Scotland’s new First Minister, appointed following the formation of a government in the Holyrood parliament after the May 7 elections, set out a programme of immediate priorities for the first hundred days in office that focused on several areas of persistent public concern in Scotland: NHS waiting times, the reliability of ferry services on the island and west coast routes, and measures to attract inward economic investment to counter the structural challenges facing Scotland’s rural and post-industrial communities.

The NHS waiting list in Scotland had grown substantially during the pandemic years and had not returned to pre-pandemic levels despite sustained investment and workforce recruitment. The waiting time problem was consistently cited in Scottish public opinion research as the most significant domestic policy concern, and the new administration’s commitment to treating it as a priority was designed both to acknowledge the public anxiety and to distinguish the new government’s approach from the record of its predecessor.

The ferry service crisis, which had generated intense political controversy following the delayed delivery and mechanical problems of new vessels intended to replace ageing CalMac fleet ships, had caused real hardship for communities on islands and remote peninsulas whose economic and social viability depends on reliable marine connections to the mainland.
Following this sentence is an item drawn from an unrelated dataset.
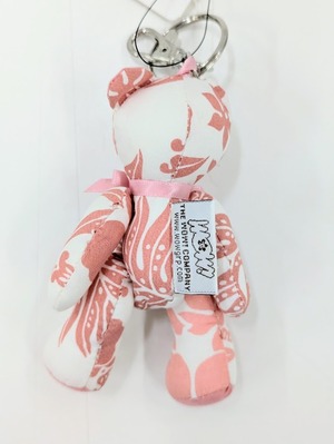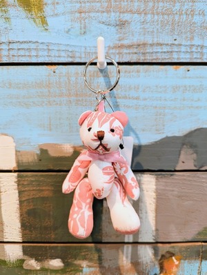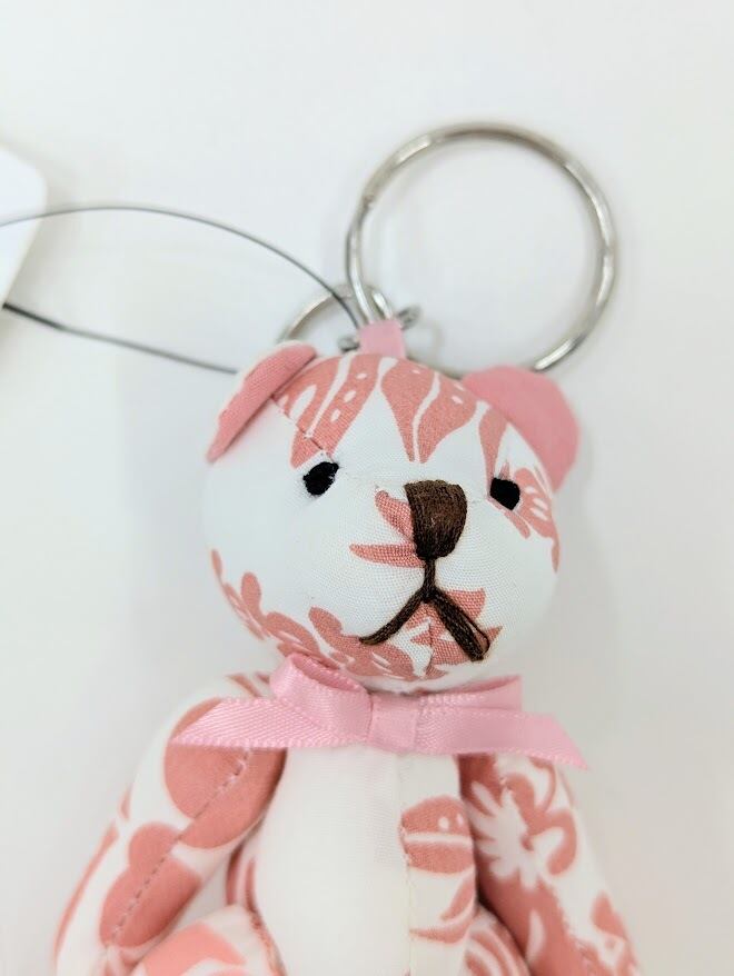 ハワイの「ピンクパレス」をイメージさせる、華やかなピンクのアロハプリントを纏ったベアキーホルダーです。 ひとつひとつ柄の出方が異なる、世界にひとつだけの表情が魅力。 首元の愛らしいリボンと、優しいピンクの色合いが、手にするたびにハワイの心地よい風を思い出させてくれます。

The commitment to addressing ferry reliability went beyond the technical issue of vessel availability to encompass the governance of the public sector operator and the resilience of supply chain and maintenance arrangements.

Economic development priorities reflected the continuing challenges facing Scottish regions outside Edinburgh and Glasgow, where productivity, wages and employment rates lag the national average and where demographic ageing is accelerating as younger workers move to cities or south of the border.